The enchantment of mass-produced commodities as markers of a modern and Western way of life formed an indispensable ingredient of postwar political imaginaries. French intellectuals, in particular, were puzzled and fascinated by what they saw as the overdetermination of consumer objects in their time.Footnote 110 Roland Barthes’ call to examine the “decorative display” in popular culture of the “what-goes-without-saying” strongly influenced the rise of cultural studies in the following decades. Although Barthes stated in his “Mythologies” that every myth “transforms history into nature,” he himself refrained from studying the myths of his own time historically by tracing their genesis back in time.Footnote 111 The ghostly aspects of the Volkswagen's meanings in West Germany teach us that if we are to expand our understanding of the powerful consumer myths and miracles of the postwar period in the West then we need to closely study their concrete emergence in time and in a—not yet—postcolonial space.
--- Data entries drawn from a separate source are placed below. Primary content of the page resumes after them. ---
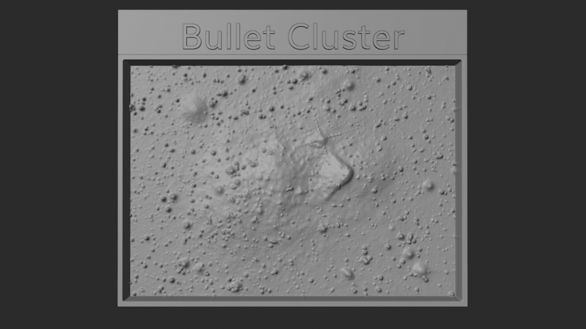 This tactile plate is a physical relief map based on the intensity of Chandra X-ray data along with lensing and optical data featuring the Galaxy Cluster 1E 0657-56, known as the Bullet Cluster. The galaxy cluster is composed of hundreds of galaxies that are held together by their mutual gravitational attraction. In the plate, we can touch a large number of dots and tiny spiral shapes scattered across a plain background. These sources represent individual galaxies within the cluster. The most prominent feature of the plate is the large puffy object in the center overlaying dozens and dozens of the galaxies, which is more concentrated and is shaped like a very large bullet. The bullet-shaped clump on the right side is the hot gas from one cluster, which passed through the hot gas from the other larger cluster during the collision. On either side of the large bullet are other cloudy areas where astronomers find most of the mass in the clusters. The concentration of mass is determined using the effect of so-called gravitational lensing, where light from distant objects is distorted by intervening matter. Most of the matter in the clusters is separate from the normal matter, giving direct evidence that nearly all of the matter in the clusters is dark matter.
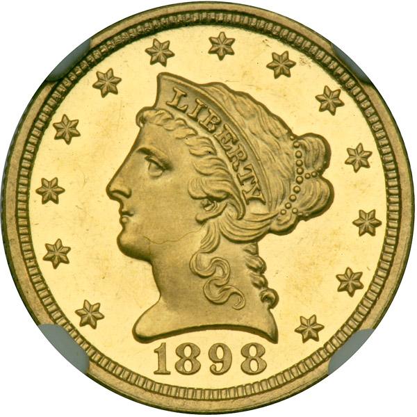 1898. NGC graded Proof 64 Ultra Cameo CAC Approved. Well struck an untoned. Only 165 struck. A visually pleasing cameo Proof of the date, here with frosted motifs and deeply mirrored fields that display much mint brilliance. An attractive Liberty Proof from a small mintage, all delivered from the Medal Department at the Mint throughout the year, and as called for by public demand. Fewer than half of the original number are still extant, which makes for a certain amount of difficulty when today's collectors desire a delightful Choice Proof of the date like this Proof 64 Ultra Cameo. The low census certainly speaks volumes about the inherent quality of this beautiful coin: Pop 7; 31 finer.
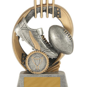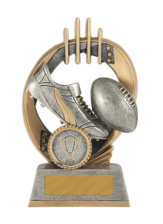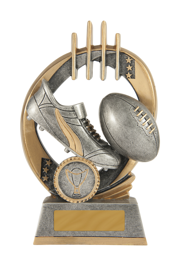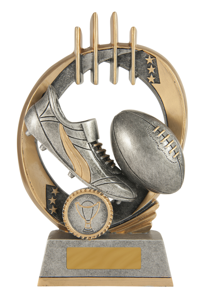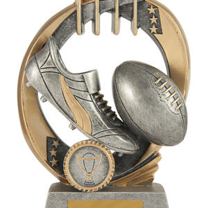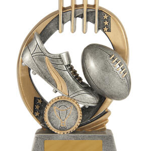 This elliptical aussie rules trophy blends contemporary design with traditional sporting elements, making it a standout choice for recognising football achievement. Crafted from quality resin in antique silver and gold, it features dynamic multi star accents, a football, and a boot set against an elegant elliptical backdrop.
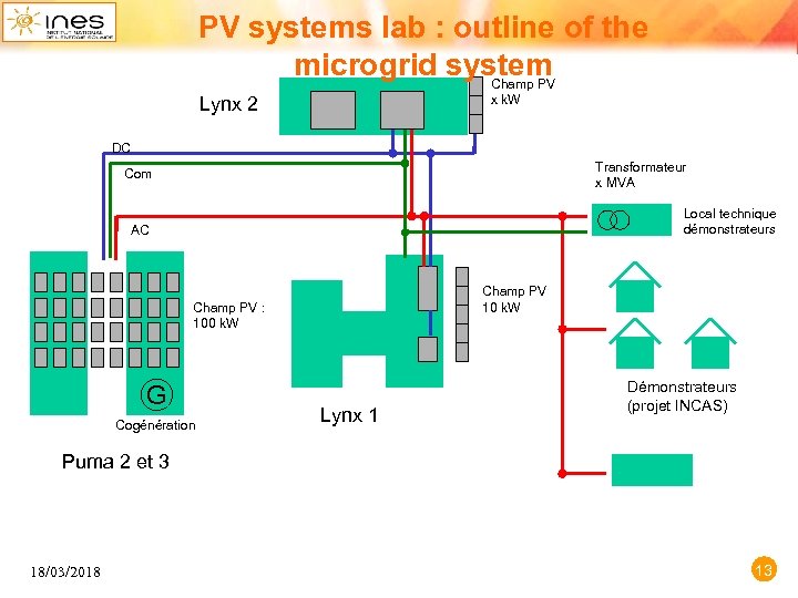 PV systems lab : outline of the microgrid system Champ PV x k. W Lynx 2 DC Transformateur x MVA Com Local technique démonstrateurs AC Champ PV 10 k. W Champ PV : 100 k. W G Cogénération Lynx 1 Démonstrateurs (projet INCAS) Puma 2 et 3 18/03/2018 13

To pursue this, we need genealogies that systematically bridge the 1945 threshold and we need to develop an awareness of the possible effects of haunting, including on us as scholars.Footnote 112

When Aimé Césaire reflected in 1955 about what the experience of Nazism meant for his contemporaries, he stated provocatively that Europe and the whole of “Western” civilization experienced it as a “choc en retour.”Footnote 113 According to Césaire, Europeans recognized an aspect of themselves in the horrors of the Nazi empire, an aspect which their own frameworks of perception had rendered invisible before, yet they simultaneously hid this realization from themselves. Césaire's insight invites us to ask how postwar societies may have developed and cultivated certain forms of “colonial aphasia” specifically in reaction to the Third Reich's “choc en retour.” This might enable us to get a better handle on how the postwar economic recovery, its accompanying dreamscapes, and the symbolic role of a rebranded West Germany produced their own subcutaneous spheres of haunting.

References

1 I use the name “Volkswagen” for the Volkswagen Beetle. The car was known as the Volkswagen in Germany until the launching of the “Golf” in 1974.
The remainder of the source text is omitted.